Re: ext2 filesystem corruption?!?!??

Mark Hemment (markhe@nextd.demon.co.uk)
Wed, 2 Apr 1997 09:49:57 +0000 (GMT)


Hi Ted/All,

> My patch I believe fixes the problem you found, hopefully
> without introduciig any others. (Unfortunately it appeared not to solve
> the Linux-AFS cache corruption.)

I'm not convinced your patch removes the corruption problem.
Simply locking the inode at the start of clear_inode() does not prevent
another process gaining a referernce to the inode (via __iget() or
get_empty_inode()). This is the race.
Unfortunately, clear_inode() can be called with a locked inode. To make
matters worse, clear_inode() cannot fail! It is called from fs dependent
code after the inode-dependent data has been deconstructed.

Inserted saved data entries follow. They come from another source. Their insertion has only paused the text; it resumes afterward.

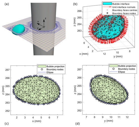 From the numerical simulations, bubble interface data are extracted during runtime with regular temporal frequency, typically every , ensuring about 300 frames for each run. Figure 6a shows a snapshot of the bubble during the rise for the case, run with the coarsest (5–20) mesh. The points representing the liquid–gas interface are identified as the iso-surface. This list of points is read in Matlab (version R2018b) and the built-in function alphaShape is utilized to create a bounding volume enveloping these points, enabling the calculation of geometrical quantities such as bubble surface area and volume. Further topological queries such as the extraction of centers, nodes and normal vectors of the boundary facets can be addressed with the function triangulation, as illustrated in Figure 6b. In order to characterize the geometry of the bubble, this is modelled using two-dimensional ellipses and three-dimensional ellipsoids. From the list of interface points, the bubble projections on the xz- and yz-planes are first obtained. Then, for each projection the boundary nodes are extracted and utilized to fit a two-dimensional ellipse [43] as shown in Figure 6c,d. From the fit, the ellipse axes lengths and aspect ratio are calculated. A different function is used to fit a three-dimensional ellipsoid [44] to the interface points and calculate axes lengths and aspect ratios. This procedure is repeated for all the saved bubble interface data, to finely resolve the bubble dynamics over time.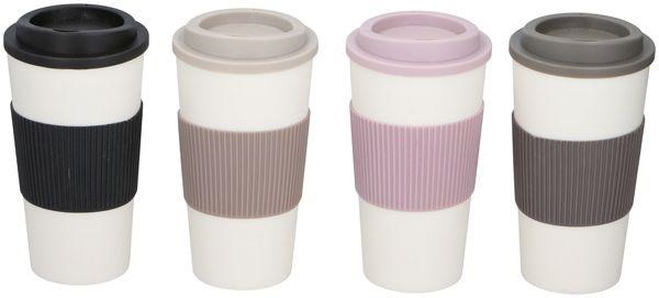 Kaffee To Go Reisebechher klein, 4/s 450ml in 12er Tray (pink, schwarz, grau, be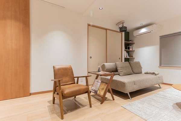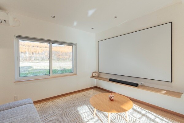 100インチのプロジェクターを備えたリビングで映画を鑑賞することも。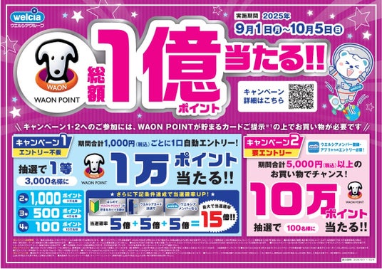 ウエルシア薬局株式会社(本社:東京都千代田区、代表取締役社長:田中純一、以下 ウエルシア薬局)は、2025年9月1日(月)より、「WAON POINT総額1億ポイント当たる!!」キャンペーンをスタートします。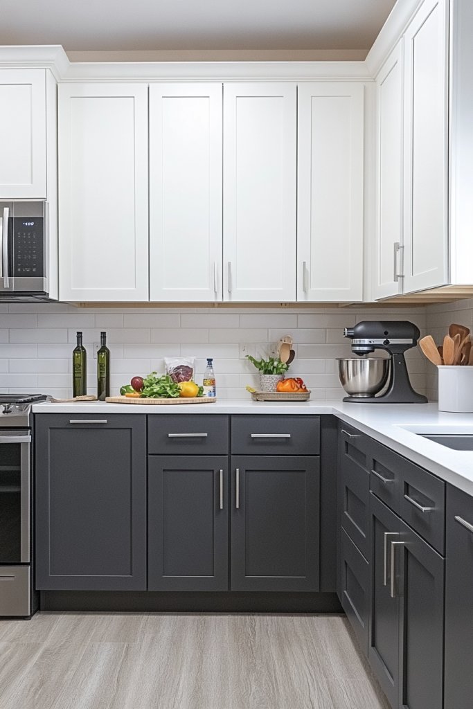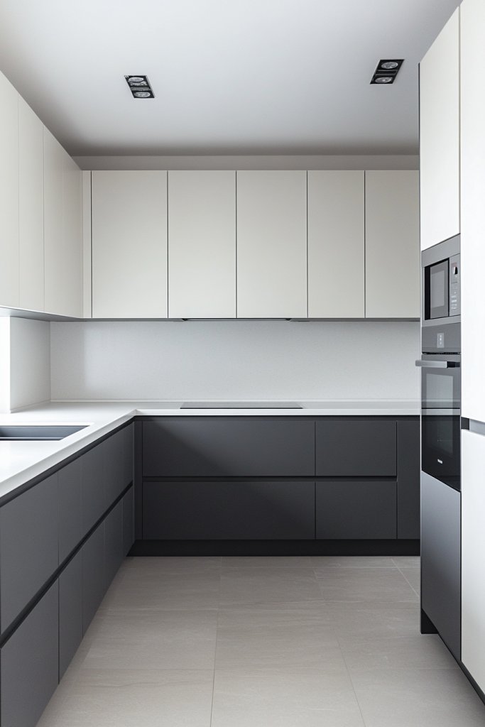 Select high-quality matte finishes for durability and a sophisticated look. Use contrasting hardware—think matte black with gold accents—to enhance visual interest. Incorporate simple, clean-lined cabinetry with flat fronts for a sleek appearance. For the countertops, go with quartz or marble in light tones to balance the dark upper cabinets. Finish off with subtle backsplash tiles or painted walls in complementary shades.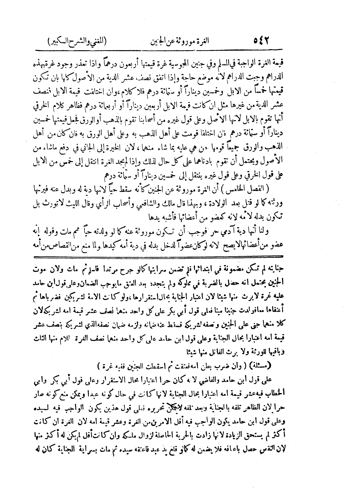 جنايته لم تكن مضمونة في ابتدائها فلم تضمن سرايتها كما لو جرح مرتداً فاسلم ثم مات ولأن موت الجنين يحتمل أنه حصل بالضربة في مملوكه ولم يتجدد بعد العتق ما يوجب الضمان وعلى قول ابن حامد عليه غرة لا يرث منها شيئاً لأن اعتبار الجناية بحال استقرارها، ولو كانت الأمة لشريكين فضرباها ثم أعتقاها معاً فولدت جنيناً ميتاً فعلى قول أبي بكر على كل واحد منهما نصف عشر قيمة أمه لشريكه لأن كلا منهما جنى عليه الجنين ونصفه لشريكه فسقط عنه ضمانه ولزمه ضمان نصفه الذي لشريكه بنصف عشر قيمة أمه اعتباراً بحال الجناية وعلى قول ابن حامد على كل واحد منهما نصف الغرة للأم منها الثلث وباقيها للورثة ولا يرث القاتل منها شيئاً (مسألة) (وإن ضرب بطن أمه فعتقت ثم أسقطت الجنين ففيه غرة) على قول ابن حامد والقاضي لأنه كان حراً اعتباراً بحال الاستقرار وعلى قول أبي بكر وابي الخطاب فيه عشر قيمة أمه اعتباراً بحال الجناية لأنها كانت في حال كونه عبداً ويمكن منع كونه صار حراً لأن الظاهر تلفه بالجناية وبعد تلفه لا يمكن تحريره فعلى قول هذين يكون الواجب فيه لسيده وعلى قول ابن حامد يكون الواجب فيه أقل الأمرين من الغرة وعشر قيمة أمه لأن الغرة إن كانت اكثر لم يستحق الزيادة لأنها زادت بالحرية الحاصلة لزوال ملكه وإن كانت أقل لم يكن له أكثر منها لأن النقص حصل باعافه فلا يضمن له كما لو قلع يد عبد فأعتقه سيده ثم مات بسراية الجناية كان له

The logic behind most of the fs/inode.c code is that when a "maintainance"
operation is performed on an inode it needs locking, _and_ needs a
reference increment for that operation! This is the reason why I saw a
race in sync_inodes(). As far as I can tell, the only other operation
which does not inc the count is the call to write_inode() in
get_empty_inode().

I'll try stress testing an anti-race patch, but the problem only shows up
after several hours on my test-target. Can anyone reproduce inode
corruption faster?

BTW: Does the positioning of the repeat label, in iput(), look wrong?
It's _before_ the i_count dec operation......

Regards,

markhe

------------------------------------------------------------------
Mark Hemment, Unix/C Software Engineer (Contractor)
markhe@nextd.demon.co.uk http://www.demon.co.uk/
"Success has many fathers, failure is a B**TARD!" - anon
------------------------------------------------------------------